*PROBLEM STATEMENT*: With the pictures omitted, repeat exactly the lines below starting with the line that has "SUPER GRIP BUMPERS™" and going on through the line that has "SULPHUR & MOLASSES".

*EXERCISE DATA*:
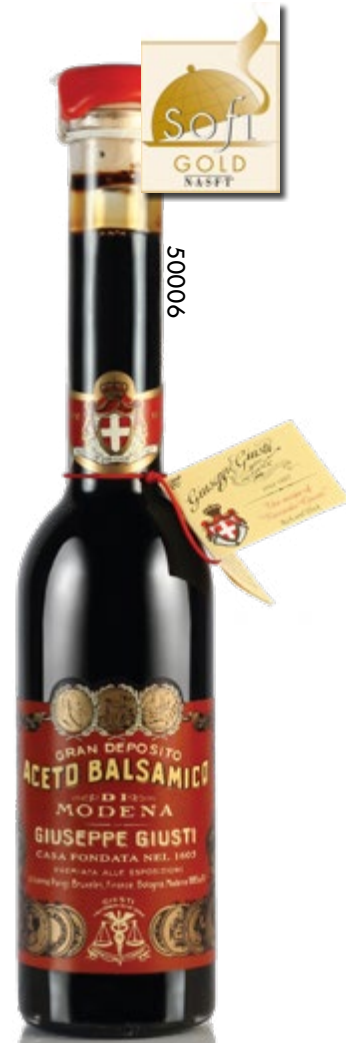
Riccardo: late harvest grapes aged in antique barrels. A dense balsamic with a pleasantly sweet aftertaste.
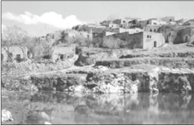
Depopulated village of Suhmata

Suhmata. The ethnic cleansing of Palestine was well under way when Israel's Golan brigade began its bombardment of the village of Suhmata in late October 1948. The over 1100 inhabitants of the village were expelled to Lebanon and Syria with only a tiny proportion of the villagers managing to stay in their country. Around 600 of the people of Suhmata are Israeli citizens today, with the colonies of Tzuri'el and Chosen, as well as part of the Israeli city Ma'alot built on the village lands. At the beginning of January 2008, the Israeli Northern District Planning and Building Committee announced new plans to construct yet another new neighborhood east of Ma'alot on Suhmata's confiscated lands. The neighborhood will consist of an estimated 3500 housing units, annexing what remains of Suhmata's lands. Internally displaced Suhmatans have set up a website for the people of the village, and have launched a campaign to prevent Ma'alot's expansion on what remains of their village lands. For more see http://www.suhmata.com
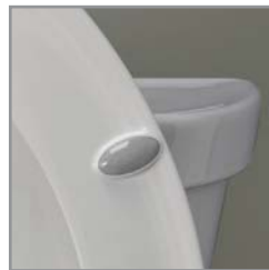
SUPER GRIP BUMPERS™
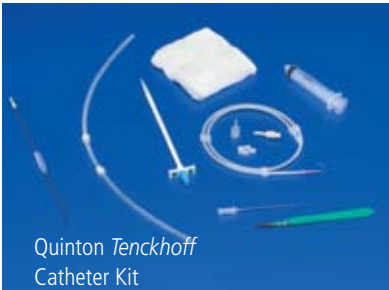
Quinton Tenckhoff Catheter Kit
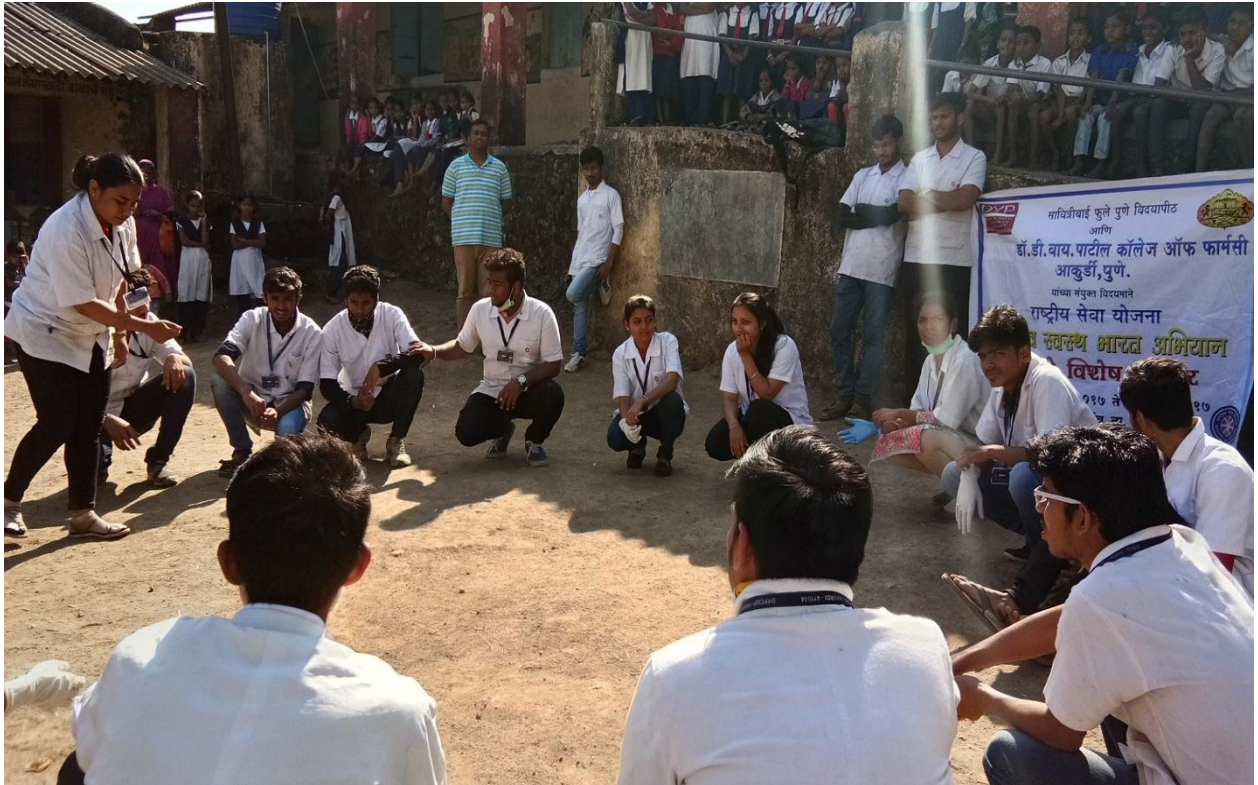
Spreading the wings of awareness, through socio-cultural rooted street play
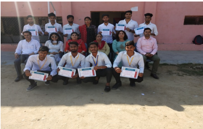
College participated in 5 days youth festival Sangam-19 from 11th Oct-2019 to 15th Oct 2019
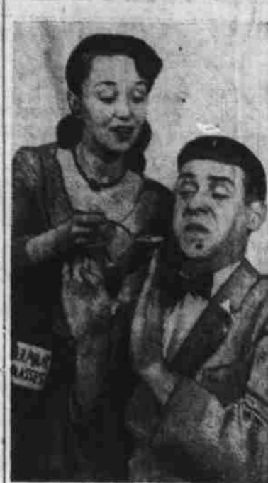
SULPHUR & MOLASSES

IT'S SPRING! This delightful season not only turns your men's fancies to thoughts of love. Here comedian Ish Kabibble of the Kay Kyser television show demonstrates some other typical springtime escapades.
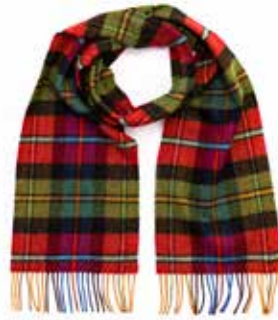
1987 Red Black Green Plaid
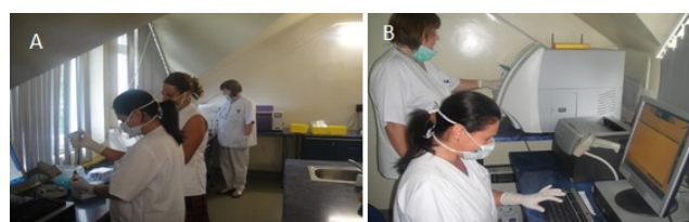
Figure 1: A. TEMPO-station preparation B. Reading station.

Fully automatic method, which allows the quantitative determination of bacterial germs, based on the traditional microbiology method, namely the multiple tube method. It shows sensitivity and ease of use, allows quick results to the classic method of working (3-7 d) and saving time in preparing culture media, glassware preparing for sterilization, packaging, inoculation, reading plates, autoclaving and washing glassware (Figures 1 A and B).
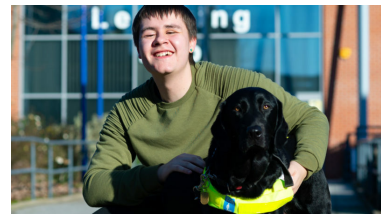
Local Party: Three Rivers Green Party

Which role are you applying for?: Non-Portfolio Officer
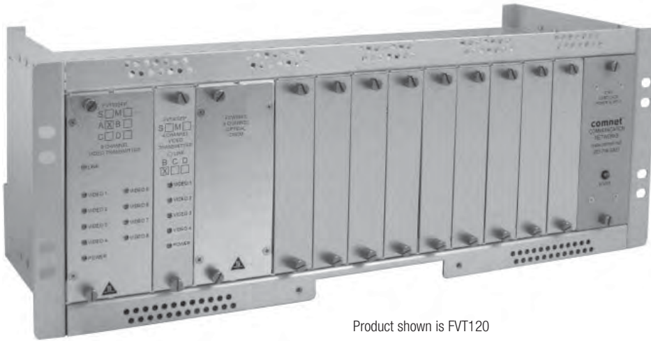
Product shown is FVT120
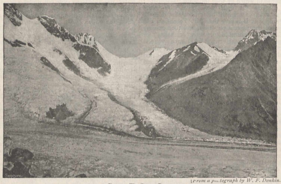
FIG. 2.- The Zanner Passes.
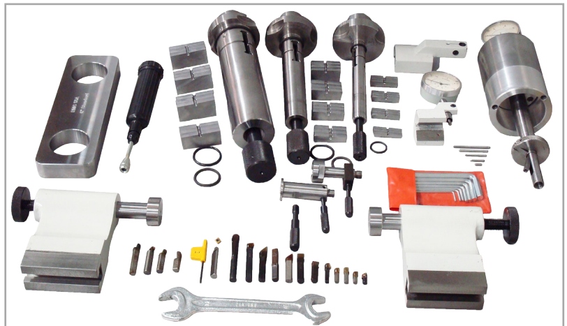
Standard Equipment Package

*EXERCISE RESULT*:
SUPER GRIP BUMPERS™
Quinton Tenckhoff Catheter Kit
Spreading the wings of awareness, through socio-cultural rooted street play
College participated in 5 days youth festival Sangam-19 from 11th Oct-2019 to 15th Oct 2019
SULPHUR & MOLASSES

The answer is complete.